Write the first three terms of the AP given \(a\) and \(d\).
(i) \(a=\dfrac{1}{2},\; d=-\dfrac{1}{6}\)
(ii) \(a=-5,\; d=-3\)
(iii) \(a=\sqrt{2},\; d=\dfrac{1}{\sqrt{2}}\)
(i) \(\dfrac{1}{2},\; \dfrac{1}{3},\; \dfrac{1}{6}\)
(ii) \(-5,\; -8,\; -11\)
(iii) \(\sqrt{2},\; \sqrt{2}+\dfrac{1}{\sqrt{2}},\; \sqrt{2}+\dfrac{2}{\sqrt{2}}=2\sqrt{2}\)

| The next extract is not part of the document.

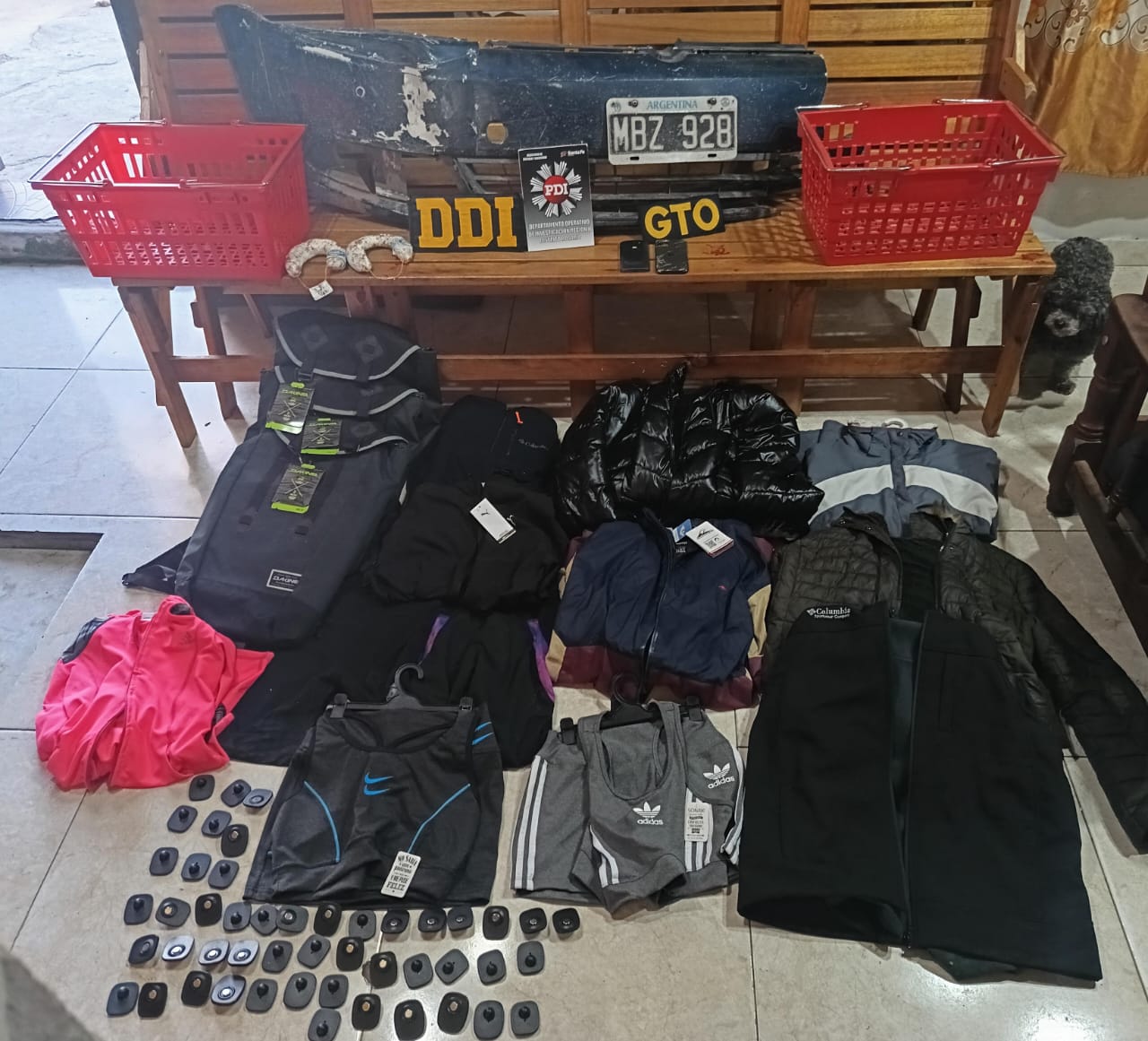 Ejecutada del modo ordenado el procedimiento arroja resultado en domicilio de calle E. Bulnes 7450, el secuestro de distintos elementos relacionados con las causas investigadas, tales como: dos canastos de supermercado , mochilas, prendas deportivas e informales con etiquetas (nuevas), teléfonos celulares, una chapa patente con el dominio que llevaba colocado el automóvil en el cual se movilizaran los malvivientes en oportunidad de cometidos los hechos investigados, y varios TAGS Antihurto (empleados por comercios para prevenir sustracción de ciertos artículos).

An Arithmetic Progression (AP) is a list of numbers where each term is obtained by adding the common difference (\(d\)) to the previous term.
The first three terms are always:
\(T_1 = a\) (the first term)
\(T_2 = a + d\) (first term + common difference)
\(T_3 = a + 2d\) (first term + twice the common difference)
(i) \(a = \tfrac{1}{2}, d = -\tfrac{1}{6}\)
\(T_1 = a = \tfrac{1}{2}\)
\(T_2 = a + d = \tfrac{1}{2} - \tfrac{1}{6} = \tfrac{3}{6} - \tfrac{1}{6} = \tfrac{2}{6} = \tfrac{1}{3}\)
\(T_3 = a + 2d = \tfrac{1}{2} + 2\left(-\tfrac{1}{6}\right) = \tfrac{1}{2} - \tfrac{2}{6} = \tfrac{3}{6} - \tfrac{2}{6} = \tfrac{1}{6}\)
(ii) \(a = -5, d = -3\)
\(T_1 = a = -5\)
\(T_2 = a + d = -5 + (-3) = -8\)
\(T_3 = a + 2d = -5 + 2(-3) = -5 - 6 = -11\)
(iii) \(a = \sqrt{2}, d = \tfrac{1}{\sqrt{2}}\)
\(T_1 = a = \sqrt{2}\)
\(T_2 = a + d = \sqrt{2} + \tfrac{1}{\sqrt{2}}\)
\(T_3 = a + 2d = \sqrt{2} + 2\left(\tfrac{1}{\sqrt{2}}\right) = \sqrt{2} + \tfrac{2}{\sqrt{2}} = \sqrt{2} + \sqrt{2} = 2\sqrt{2}\)
So, the first three terms of each AP are as written in the answer.